The first step of my hardware design process is to write code in Verilog. Verilog is best described as the bastard child of a simple programming language like C and an evil flowchart. Although it seems like any other program, the code is more concerned about generating output bits from input bits. There’s a lot of timing involved and you have to think about how inputs will change over time. I use a design style called “Two-phase clocking”, which is a nice way of saying that some inputs are gibberish some of the time, and the other inputs are gibberish during other times.
It took me about three weeks to really finish the Verilog code and test it out. There’s a lot of work beyond this, converting the code to a chip blueprint, so it’s important that the Verilog works. You don’t want to do any of this work twice.

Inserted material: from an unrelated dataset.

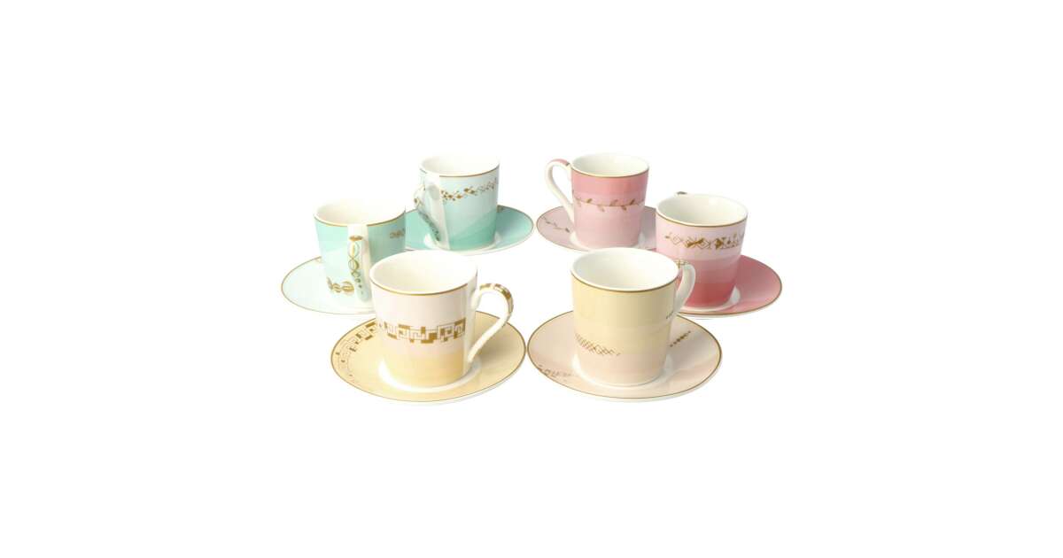 Élvezze kávéját stílusosan ezzel a 6 darabos myCOFFEE Romance eszpresszó csésze és csészealj szettel! A csészék és csészealjak kiváló minőségű, vékonyfalú "New Bone" porcelánból készültek, mely kivételes fehérséget és tartósságot biztosít. A hagyományos formavilág 6 egyedi, trendi dekorációval párosul, hogy otthona elegáns dísze legyen.
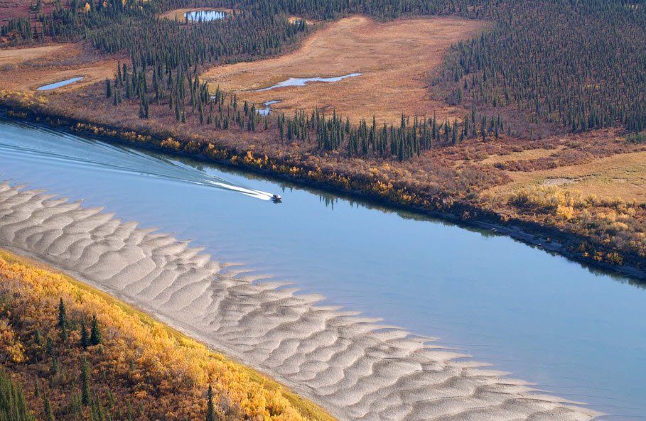 The river passes through diverse landscapes including mountain canyons, boreal forests, wetlands, and a broad delta, supporting significant populations of wildlife such as caribou, sheefish, and various bird species.

After this, I put my Verilog code through a program called “Design Compiler”. This takes my code and converts it into a giant computer chip recipe. It doesn’t design the chip, but decides what transistors to use and how they should connect up. Usually this process takes 15-20min, but it’s been taking me about 12 hours. That’s after a lot of fiddling with the program.
Design Compiler will spit out this recipe as another Verilog file. However, this file is much more detailed and really big. The idea is that this Verilog file is an optimized way to implement the high level ideas from my original Verilog file. Sometimes I get a lot of weird timing warnings about arcs and whatnot. This is not comforting.

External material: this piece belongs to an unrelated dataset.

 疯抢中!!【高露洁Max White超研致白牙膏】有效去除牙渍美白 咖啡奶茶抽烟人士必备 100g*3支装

The next program I have to use is Encounter. This takes the new Verilog file and comes up with a blueprint, figuring out where each of the transistors should go. This has about 10 steps and half of the time they fail for some unknown reason. One of these steps takes 60+ minutes, so it’s always fun when you go through that and find out the program has given up. When it does work, you get a spiffy looking chip, like in the Intel ads. Mine looks like this:
After all of that is done, I take the blueprint and put it in a program called Cadence. Although Cadence does a lot more, I’m only using it to make sure my blueprint makes sense and acts like it should. I’m also currently trying to analyze it to understand how all of the transistors interact. The first two steps (making sure it will work in reality) took a few hours. The analysis step, called PEX for reasons too boring to put here, took about 5 hours and abruptly failed without reason an hour ago. I changed a few settings and it’s off again. I’ll be waking up at 3am to see how that went.
After that step (please, please let PEX work this time), I’ll run the analysis through HSIM. HSIM tries to simulate the timing and energy of my circuit from the PEX analysis. This will likely take a long time as well. If that step works, I’ll have all of the data I need to write my paper.